An Introduction to Survey Research
Course information
The course provides an overview of survey sampling and design, survey statistics, ethics for survey research, and survey data processing, management, and analysis. Topics include sampling decisions, questionnaire design, survey-based experiments, and parametric and non-parametric statistical tests.
Prerequisite Knowledge
Elementary knowledge of non-parametric and parametric statistics and an understanding of data cleaning and processing. No background in survey design is assumed.

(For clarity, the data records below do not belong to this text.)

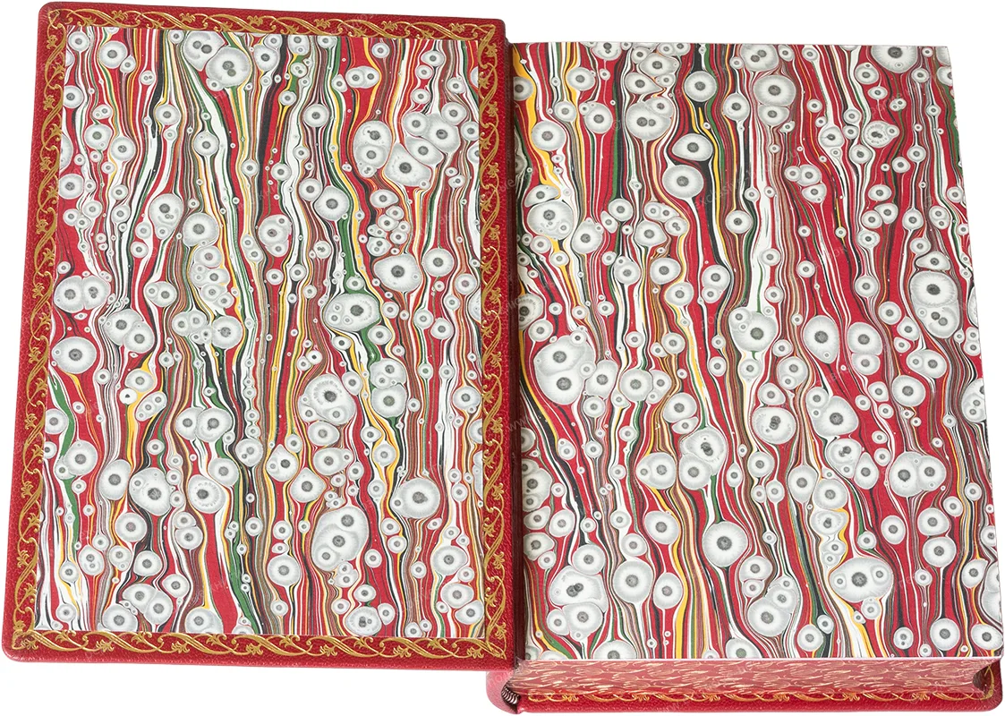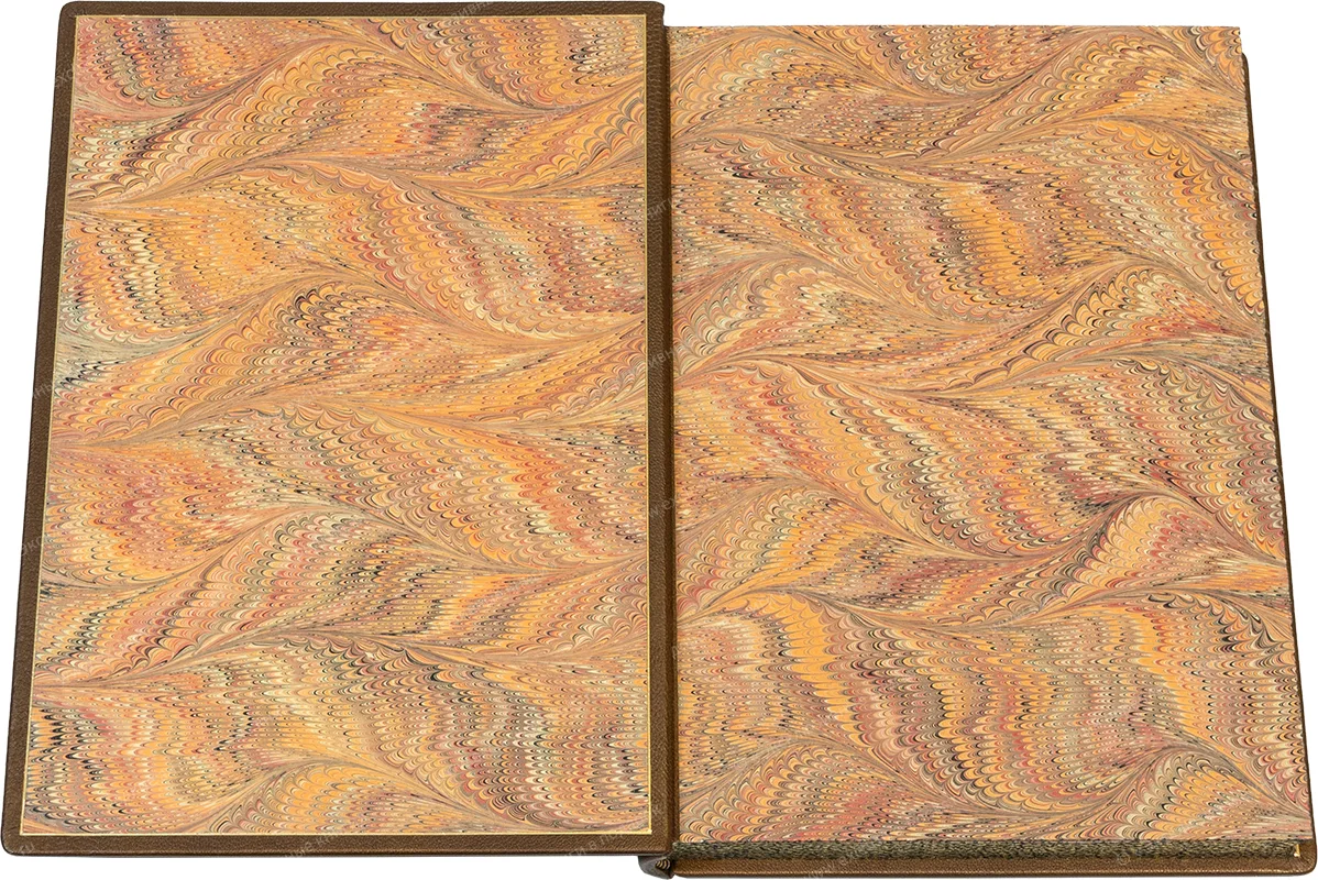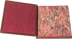 Составной форзац: тканевый муар на крышках и мраморная бумага - свободные листы.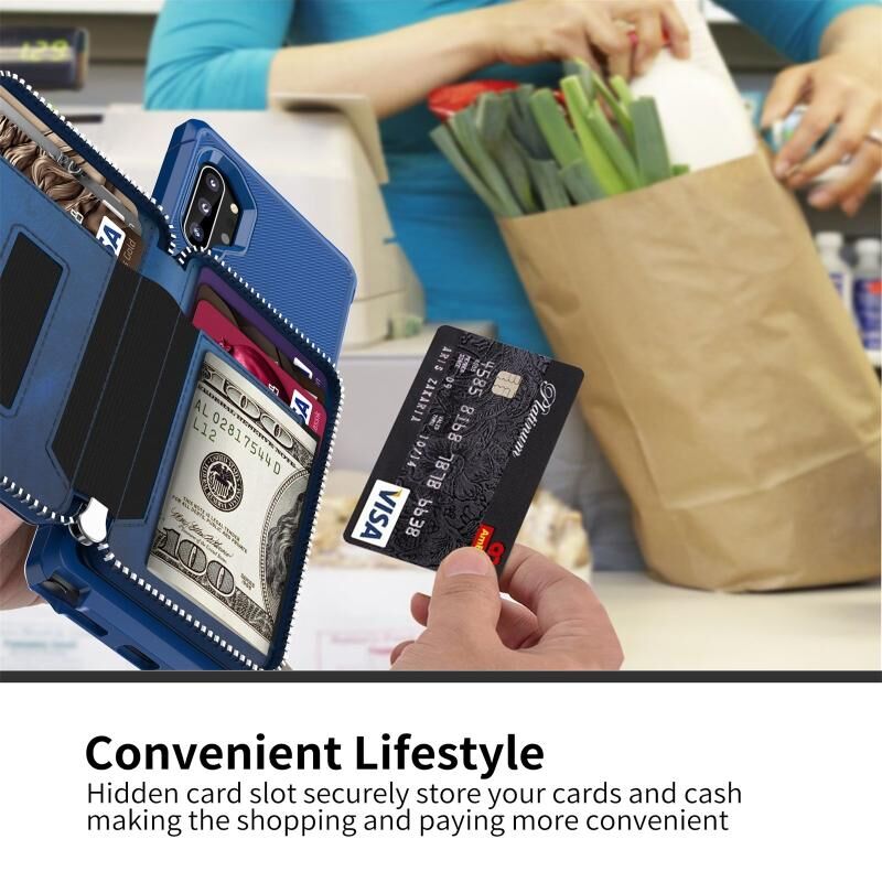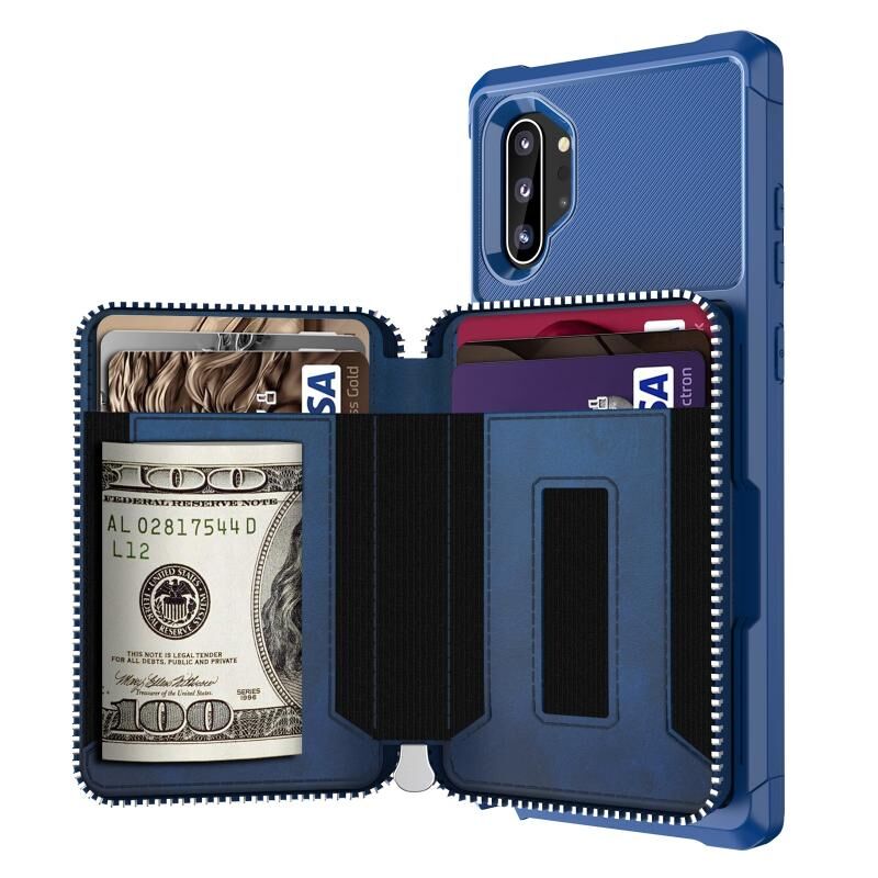 Για Samsung Galaxy Note10 φερμουάρ πορτοφόλι κάρτα τσάντα PU πίσω υπόθεση τηλεφώνου (μπλε)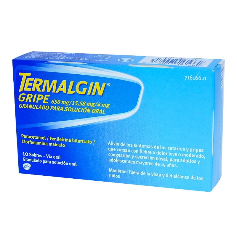 - Tratamiento sintomático de [RESFRIADO COMUN] o [GRIPE] que cursen con dolor leve o moderado, fiebre, congestión y secreción nasal en adultos y adolescentes a partir de 15 años.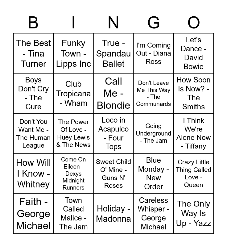This bingo card has 34 words: The Only Way Is Up - Yazz, Careless Whisper - George Michael, Super Trouper - ABBA, Feels Like I'm In Love - Kelly Marie, How Will I Know - Whitney, Club Tropicana - Wham, Let's Dance - David Bowie, Faith - George Michael, Funky Town - Lipps Inc, Never Gonna Give You Up - Rick Astley, Call Me - Blondie, True - Spandau Ballet, A Little Respect - Erasure, Ghost Town - The Specials, Going Underground - The Jam, How Soon Is Now? - The Smiths, Town Called Malice - The Jam, Don't You Want Me - The Human League, Come On Eileen - Dexys Midnight Runners, Blue Monday - New Order, Sweet Child O' Mine - Guns N' Roses, Everywhere - Fleetwood Mac, The Best - Tina Turner, I Think We're Alone Now - Tiffany, Holiday - Madonna, Loco in Acapulco - Four Tops, I'm Coming Out - Diana Ross, You Make My Dreams (Come True) - Daryl Hall & John Oates, Don't Leave Me This Way - The Communards, Boys Don't Cry - The Cure, Karma Chameleon - Culture Club, The Power Of Love - Huey Lewis & The News, Crazy Little Thing Called Love - Queen and It's Raining Men - The Weather Girls.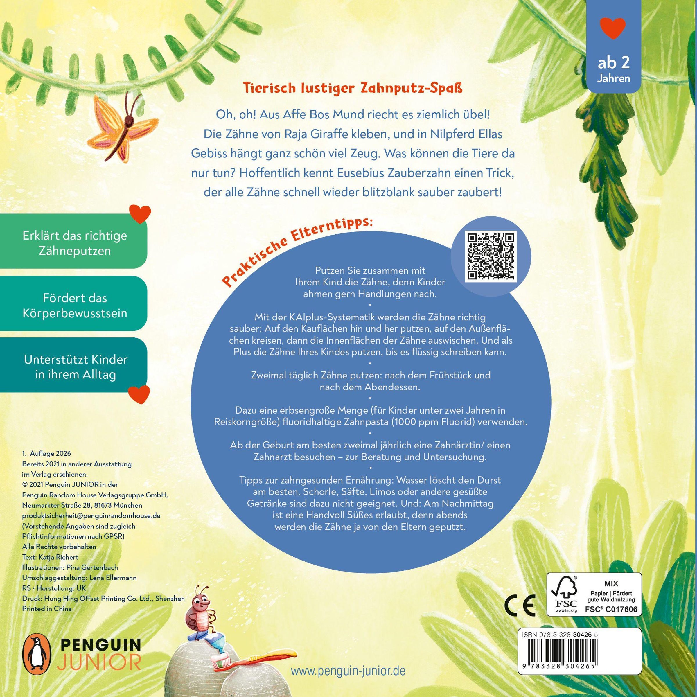 Ein Pappbilderbuch für Kinder ab 2 Jahren - mit wertvollen Elterntipps zur Kinderzahnpflege auf der Buchrückseite.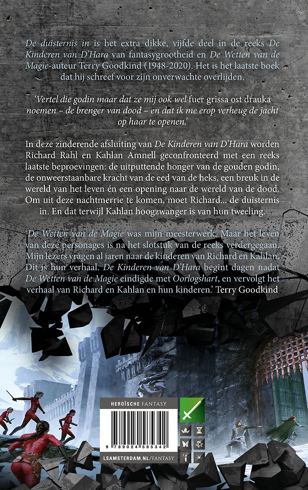 Deze zinderende afsluiting van De Kinderen van D’Hara is het laatste boek dat Goodkind schreef voor zijn onverwachte overlijden in september 2020. Richard Rahl en Kahlan Amnell worden geconfronteerd met een laatste beproeving. Een breuk in de wereld van het leven. Een opening naar de wereld van de dood. Om deze apocalyptische nachtmerrie onder ogen te komen, moet Richard... de duisternis in.
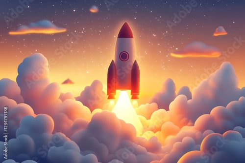 Obraz premium Rocket launch at sunset illuminating clouds with vibrant colors and a magical...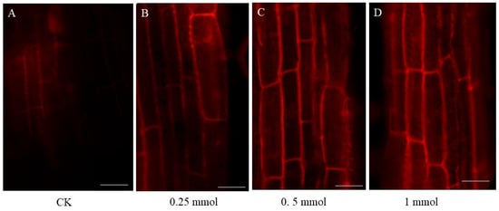 The changes in root microstructure after 7 days of different concentrations of Cd treatment. Bar = 50 μm. (A–D) The microstructure of B. carinata root tips in control group (A) and under different concentrations of Cd treatment (B–D) after PI staining.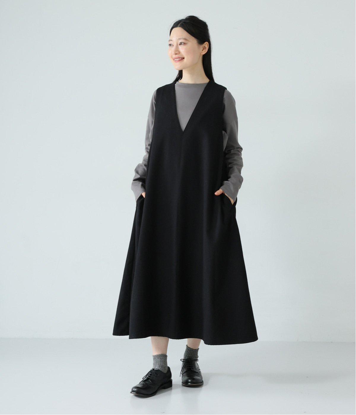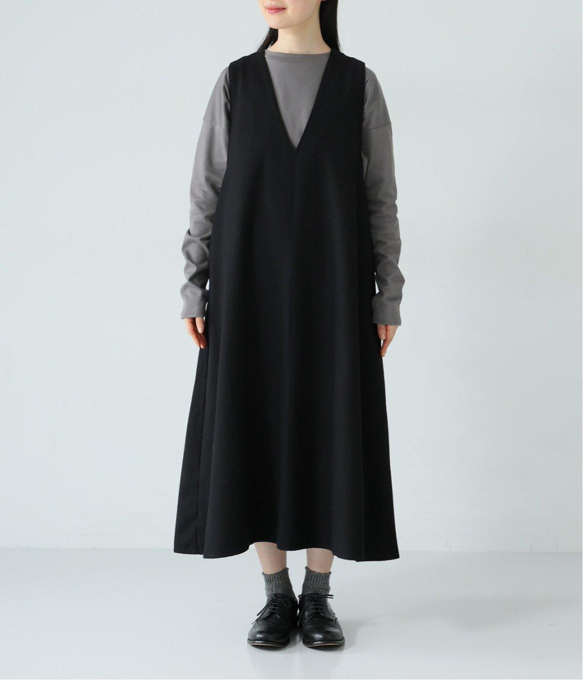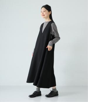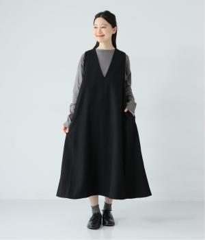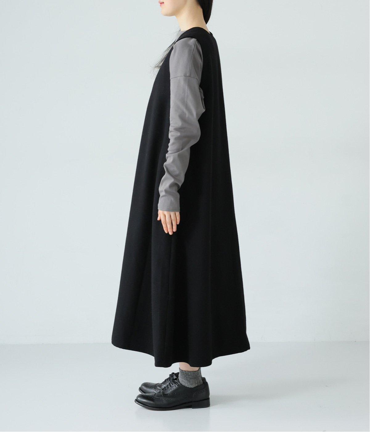 ボーダーカットソーとスニーカーを合わせたカジュアルコーデも<ブラック>のジャンパースカートが引き締め役に。落ち感と美しいドレープが立体的なシルエットを描きます。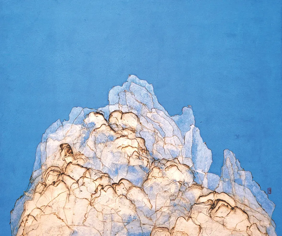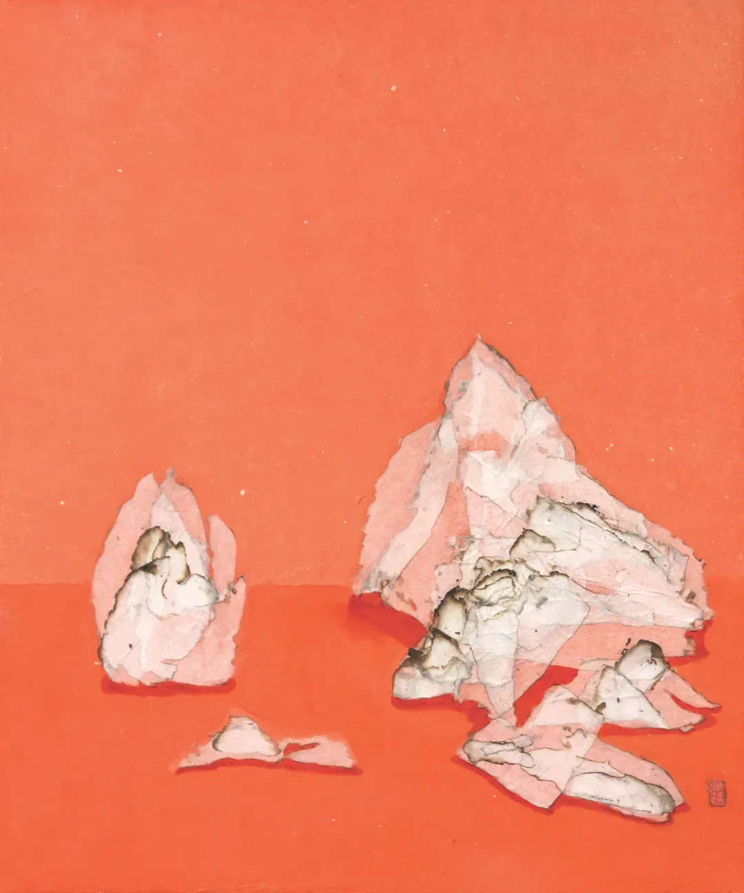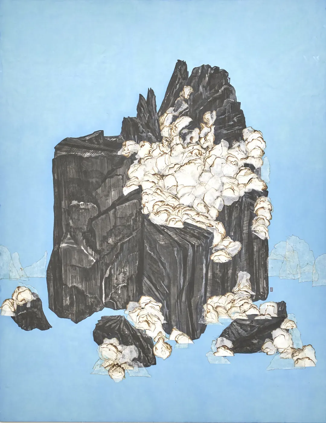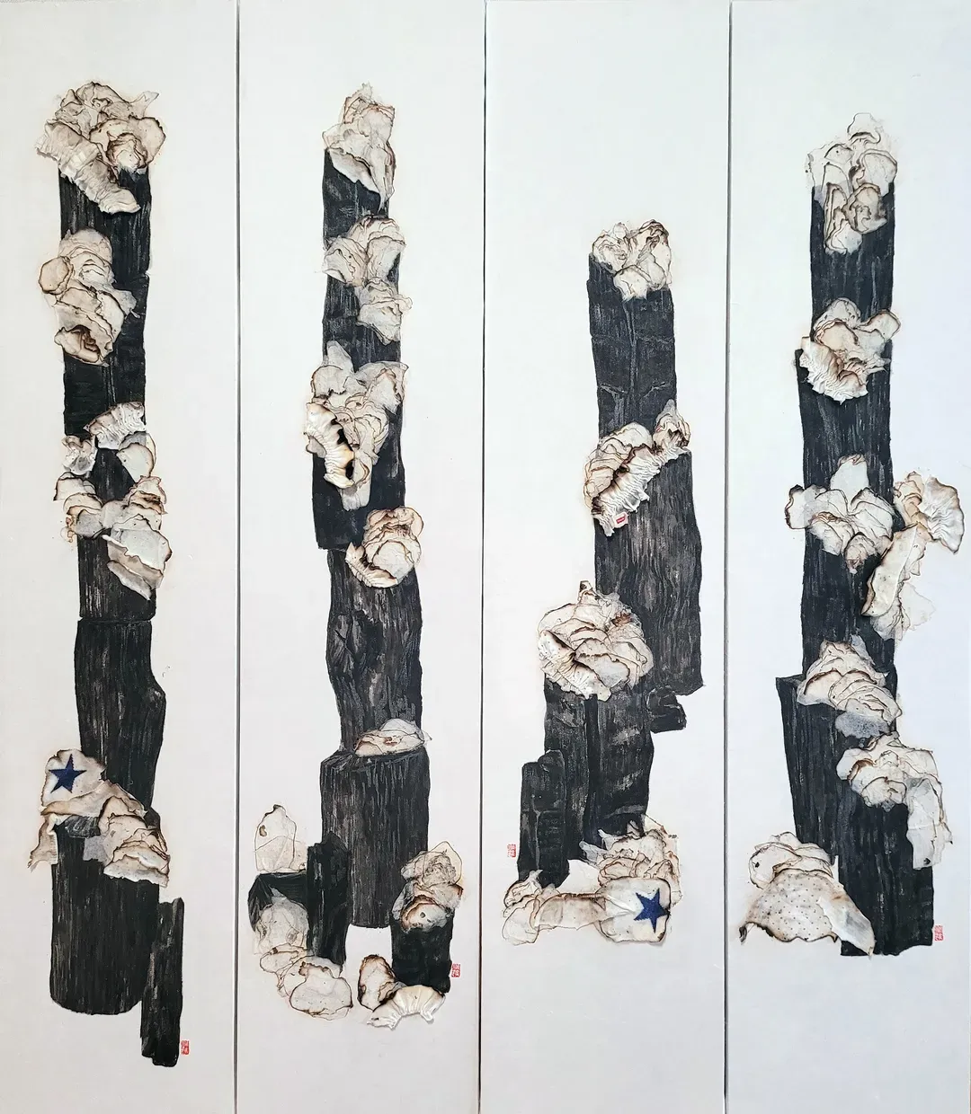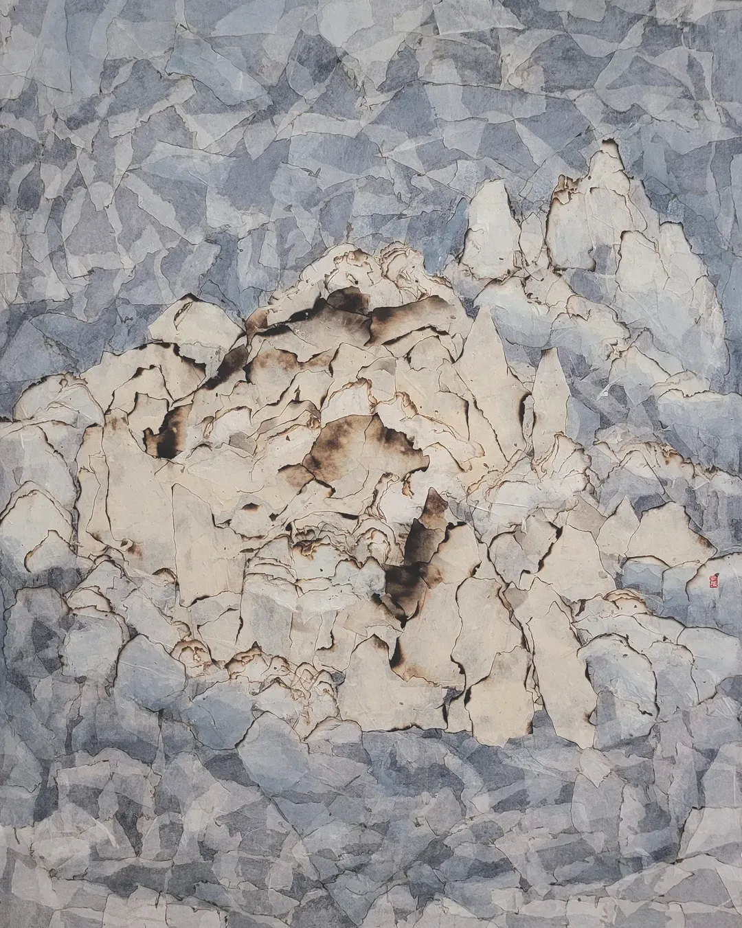 장지에 화선지 꼴라쥬, 먹, 채색, 은분, 향, 라이터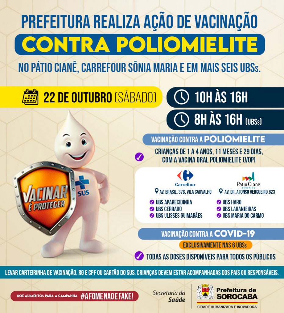 A Prefeitura de Sorocaba, por meio da Secretaria da Saúde (SES), realiza, neste sábado (22), uma ação especial de vacinação contra Poliomielite em oito locais diferentes da cidade.

Intended Learning Outcomes
By the end of this course learners will be able to:
- Understand key issues involved in the design of high quality surveys;
- Appreciate connections between survey length, question wording, and the quality of data generated;
- Recognise the processes behind simple and complex sampling and the controversies surrounding low response rates and potential moves away from random probability sampling;
- Have the capability to draft ethical consent forms, identify situations when different forms of ethical consent are necessary, and realise where participant anonymity may be compromised;
- Execute and interpret non-parametric statistical techniques commonly applied to survey data;
- Develop and interpret multivariate models with dichotomous, binary, ordinal and, nominal dependent variables;
- Identify problems associated with missing data and fixes to missing data problems;
- Understand the design and analysis of survey experiments embedded onto surveys;
- Have a basic understanding of latent variable models and the measurement of subjective concepts (e.g. political trust) common in the social sciences and of interest to government agencies.
Syllabus
Week 1
- Theory and Question Driven Survey Design
- The Total Survey Error Approach
- Survey Flow
Week 2
- Survey Length and Format
- Designing Meaningful Questions
- Data Capture and Generation
Week 3
- Measuring Attitudes
- Question Ordering Effects
- Open Ended Questions
Week 4
- Drawing Samples: Simple, Complex, and Probabilistic/Non-Probabilistic
- Issues of Survey non-Response and Incentivisation
- Survey Interview Modes (Face-to-Face vs. Internet)
Week 5
- Gaining Ethical Approval to Survey the Public
- Guidance in Developing Respondent Information Sheets
- Data Anonymisation
Mid-term week break
Week 6
- Survey Data Cleaning
- Interpreting Cross-Tabulations
- Basic Non-Parametric Statistics Relevant to Survey Data Analysis
Week 7
- Logic of Discrete Choice Modelling
- Logit, Probit, Ordinal Probit/Logit and Multivariate Logit Models
- Moderation and Mediation
Week 8
- Missing Data, Middle Categories, and Don't Knows
- Assumptions Behind Types of Missing Data
- Typical Fixes to Missing Data
Week 9
- Designing Survey Experiments
- Analysing Survey Based Experiments
- Complex Experiments
Week 10
- Data Reduction via Principal Components Modelling
- Introduction to Exploratory and Confirmatory Factor Analysis
- Structural Equation Modelling for Panel Data
Online Learning
- Release of recorded video and short formative assessments provided to students
- Bookable one-to-one sessions with tutors
- Collective Class Meetings at the conclusion of parts 1 and 2
- Dedicated online space with message boards, essential readings, and links to relevant examples
- Podcasts with guest experts in survey data analysis
Textbooks
Weisberg, H., 2005. The total survey error approach. Chicago: University of Chicago Press. (E-Book for Reference—available in Glasgow's library)
Clarke, H.D., Kornberg, A. and Scotto, T.J., 2010. Accentuating the Negative?. Methodology.
Assessment (for credit only)
One piece of written work constituting justification for a short survey of the student's choice and a completed draft of the survey and three short problem sets quizzes.
Software
To take our courses please use an up-to-date version of a standard browser (such as Google Chrome, Firefox, Safari, Internet Explorer or Microsoft Edge) and a PDF reader (such as Acrobat Reader). Learning material will be distributed through Moodle. We encourage all learners to install R and RStudio and we provide detailed installation instructions, but learners can also use free cloud-based services (RStudio Cloud). Learners need to install Zoom for participating in video conferencing sessions. We recommend the use of a head set for video conferencing sessions.